Return only the lines of the data below from the line with "Зубья такой оснастки" up to and including the line with "Beyaz, unisex baskılı, kısa", exactly as written, with the pictures omitted.

Dataset excerpts
'''
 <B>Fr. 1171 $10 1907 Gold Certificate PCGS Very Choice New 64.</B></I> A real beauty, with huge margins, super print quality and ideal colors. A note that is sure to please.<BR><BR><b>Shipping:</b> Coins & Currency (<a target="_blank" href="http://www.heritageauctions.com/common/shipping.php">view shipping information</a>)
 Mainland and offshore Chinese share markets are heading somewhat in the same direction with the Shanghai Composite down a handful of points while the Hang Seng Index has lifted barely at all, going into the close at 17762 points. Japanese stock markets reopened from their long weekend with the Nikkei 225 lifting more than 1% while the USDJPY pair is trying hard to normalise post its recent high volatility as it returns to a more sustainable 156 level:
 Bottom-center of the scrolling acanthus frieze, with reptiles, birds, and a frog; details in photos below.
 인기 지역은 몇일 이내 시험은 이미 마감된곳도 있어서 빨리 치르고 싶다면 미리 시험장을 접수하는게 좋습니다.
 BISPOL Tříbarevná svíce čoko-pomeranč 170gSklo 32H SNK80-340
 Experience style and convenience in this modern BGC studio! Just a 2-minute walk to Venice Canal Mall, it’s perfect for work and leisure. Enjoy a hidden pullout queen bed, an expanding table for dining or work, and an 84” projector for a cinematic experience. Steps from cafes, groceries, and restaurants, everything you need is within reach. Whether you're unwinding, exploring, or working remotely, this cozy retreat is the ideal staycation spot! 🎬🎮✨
'''
'''
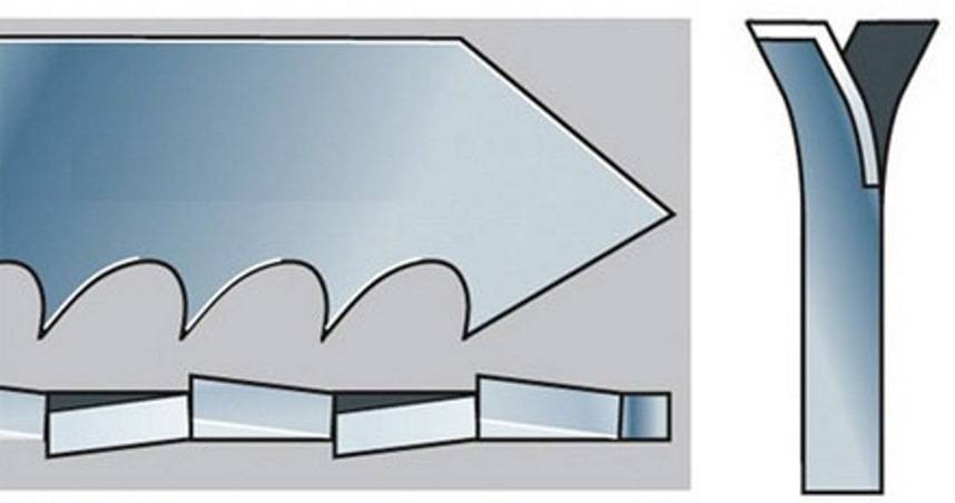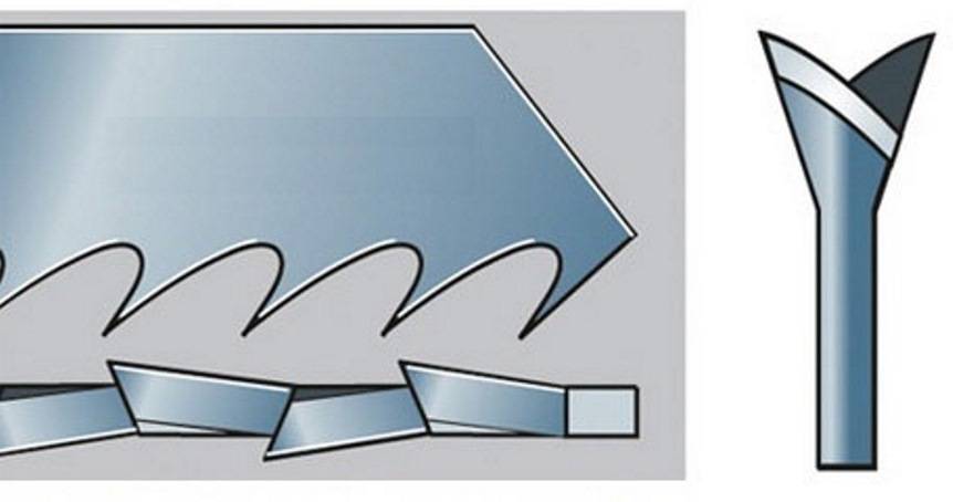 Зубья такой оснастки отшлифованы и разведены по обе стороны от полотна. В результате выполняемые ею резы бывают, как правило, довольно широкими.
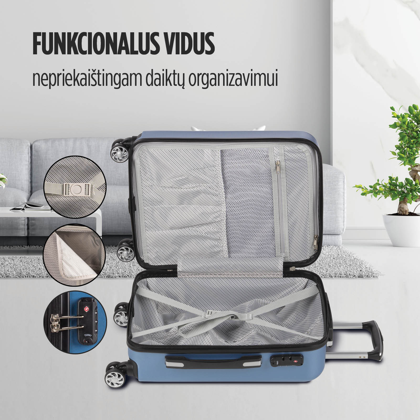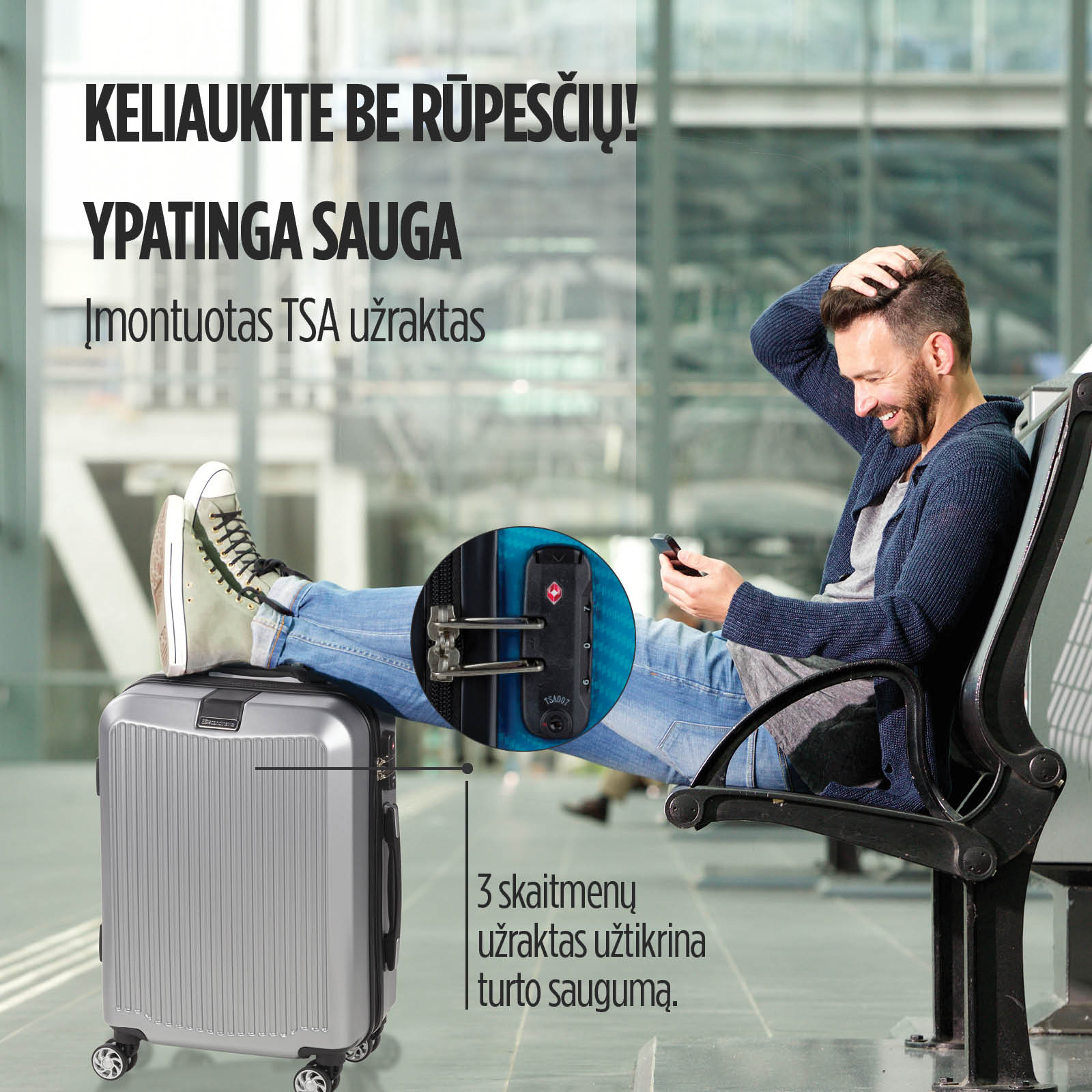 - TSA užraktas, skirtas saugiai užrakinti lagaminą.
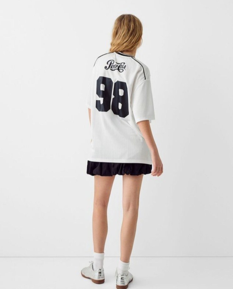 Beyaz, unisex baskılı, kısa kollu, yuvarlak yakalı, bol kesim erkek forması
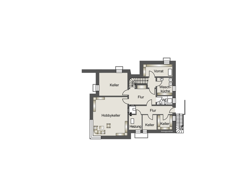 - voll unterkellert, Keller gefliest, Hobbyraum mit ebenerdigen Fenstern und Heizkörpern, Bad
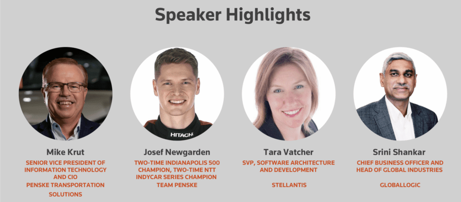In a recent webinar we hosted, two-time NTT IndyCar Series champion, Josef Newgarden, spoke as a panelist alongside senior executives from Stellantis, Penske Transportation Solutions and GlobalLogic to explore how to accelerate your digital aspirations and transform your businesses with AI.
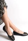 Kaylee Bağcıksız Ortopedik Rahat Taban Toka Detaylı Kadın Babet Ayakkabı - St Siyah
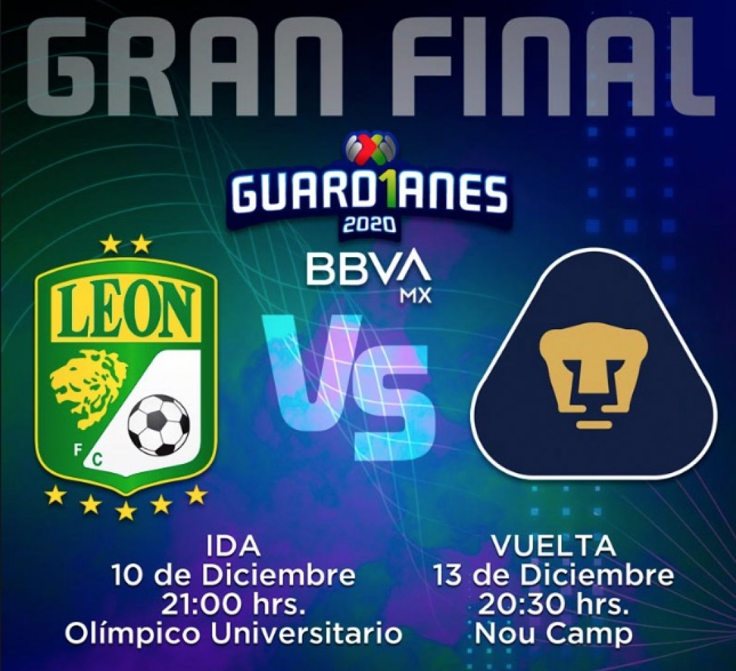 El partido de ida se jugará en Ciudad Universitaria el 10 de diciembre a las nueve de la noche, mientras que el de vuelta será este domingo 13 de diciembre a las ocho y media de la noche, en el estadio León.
'''
» **SOLUTION TO THE EXERCISE**
 Зубья такой оснастки отшлифованы и разведены по обе стороны от полотна. В результате выполняемые ею резы бывают, как правило, довольно широкими.
 - TSA užraktas, skirtas saugiai užrakinti lagaminą.
 Beyaz, unisex baskılı, kısa kollu, yuvarlak yakalı, bol kesim erkek forması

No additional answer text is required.